No, and there can't be such a setting.
Within @file trees, Leo's simplified sentinels have the side effect of
having each node end in a newline.
If you must control newlines exactly you can use @nosent, and for even
more control you can use @asis.
Outside of @<file> trees, you get exactly the trailing newlines that
you specify. Thus, scripts could preserve whitespace (or add
whitespace) by traversing (parts of) a Leo outline that is outside any
@<file> tree.
HTH.
Edward
On Wed, Dec 14, 2011 at 12:49 PM, Terry <webto...@gmail.com> wrote:
> Is there a setting to control space/gap between nodes ?

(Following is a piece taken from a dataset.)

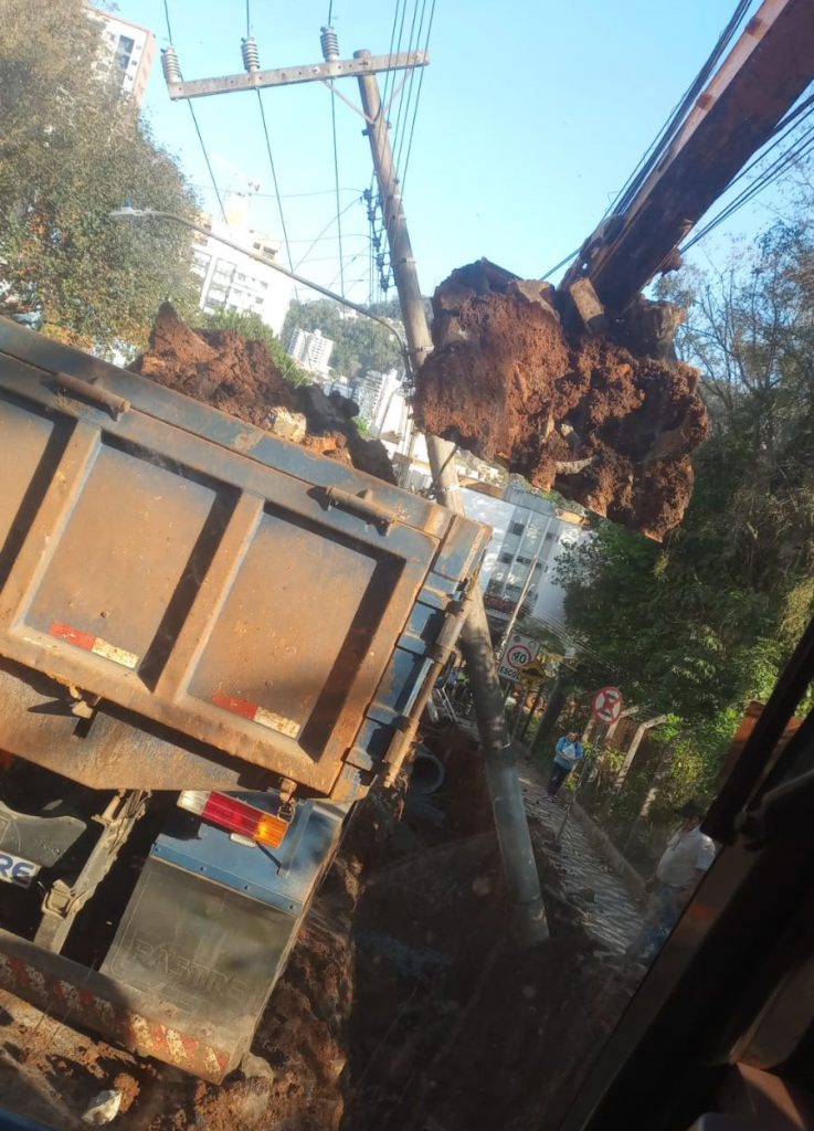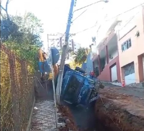 Mais tarde, na sequência dos trabalhos, um caminhão da mesma empresa acabou caindo dentro da vala, após um poste ter atingido o veículo.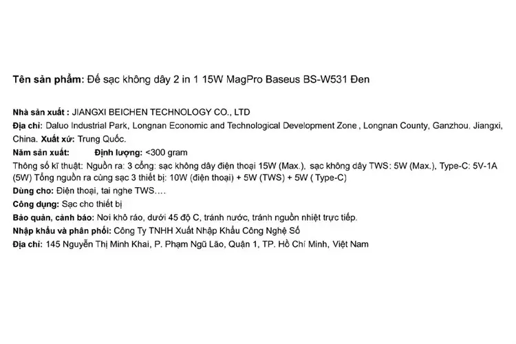 | Đầu ra | Type C: 5V - 1AKhông dây (điện thoại): Max 15WKhông dây (TWS): 5W |

No, and there can't be such a setting.
Within @file trees, Leo's simplified sentinels have the side effect of having each node end in a newline.

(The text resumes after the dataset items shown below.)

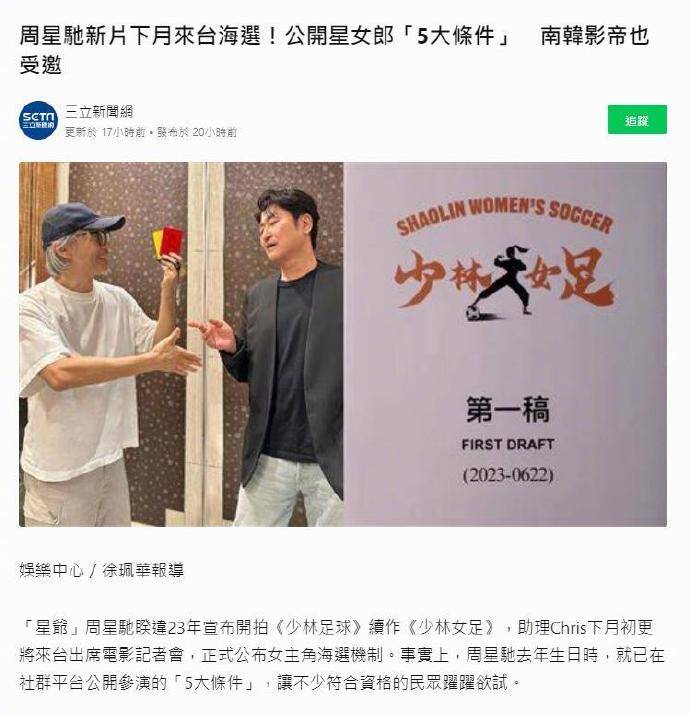 据中时新闻网、Yahoo新闻、三立新闻网等多家台媒报道:周星驰新片《少林女足》将于3月初举行记者会并公布海选机制,周星驰将参与台湾地区的选秀。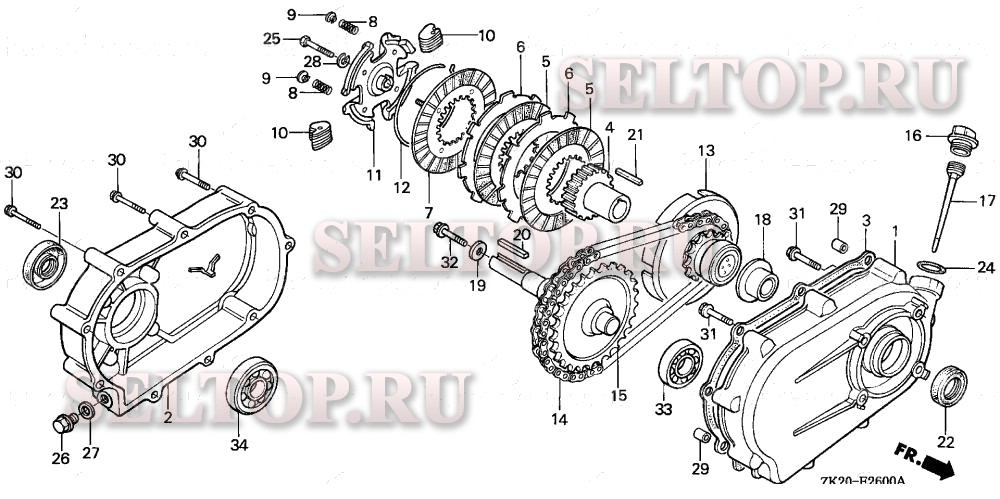 Редуктор (1/2) (1) для Honda GX240K1 RA, взрыв-схема:
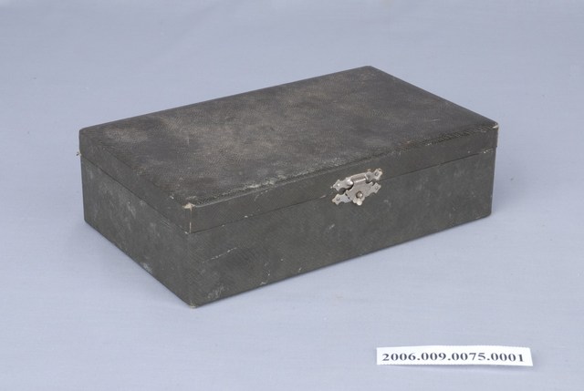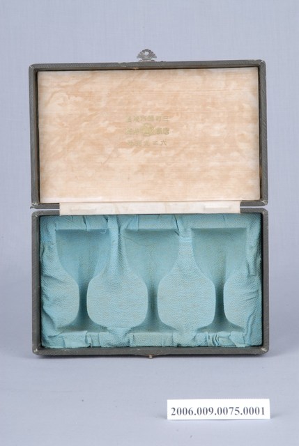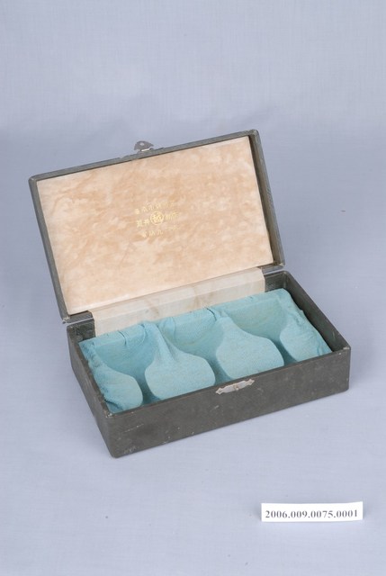 本件收納盒為井商店製昭和13年虎尾郡防風林造成紀念盒裝鍍銀銅杯之部件1,長18公分,寬11.4公分,高5.4公分呈木製長方形扁盒狀。盒身表面以綠色仿皮革布料包覆,盒蓋作上掀式,長邊一側以絞鍊固定,正面作金屬鎖扣。內層將鍍銀銅杯之剖面外形切割後,作嵌入式凹槽固定,表面覆蓋淡藍色布料作襯。蓋身內側以白色絹布作襯,中央以金色墨水印有臺南市錦町三,荒川商店,其商標為圓環形內印「越」字樣作註冊商標,下端為電話九二六。

> On Wed, Dec 14, 2011 at 12:49 PM, Terry <webto...@gmail.com> wrote:
> > Is there a setting to control space/gap between nodes ?
>
> No, and there can't be such a setting.
I thought the other Terry was asking about graphical layout in the tree
pane, and I looked for a Qt style setting to adjust that, but didn't
find one in the time I had.
Cheers -Terry
>> Within @file trees, Leo's simplified sentinels have the side effect of
>> having each node end in a newline.
>
> BTW I've noticed the same for @shadow. Is it true in general that @shadow
> and @file are functionally equivalent, just store their sentinels
> differently?
@shadow uses old-style sentinels that do a better job of preserving whitespace.
Other than that, I suppose you could say @shadow and @file are
"functionally equivalent", but that's not a term of art.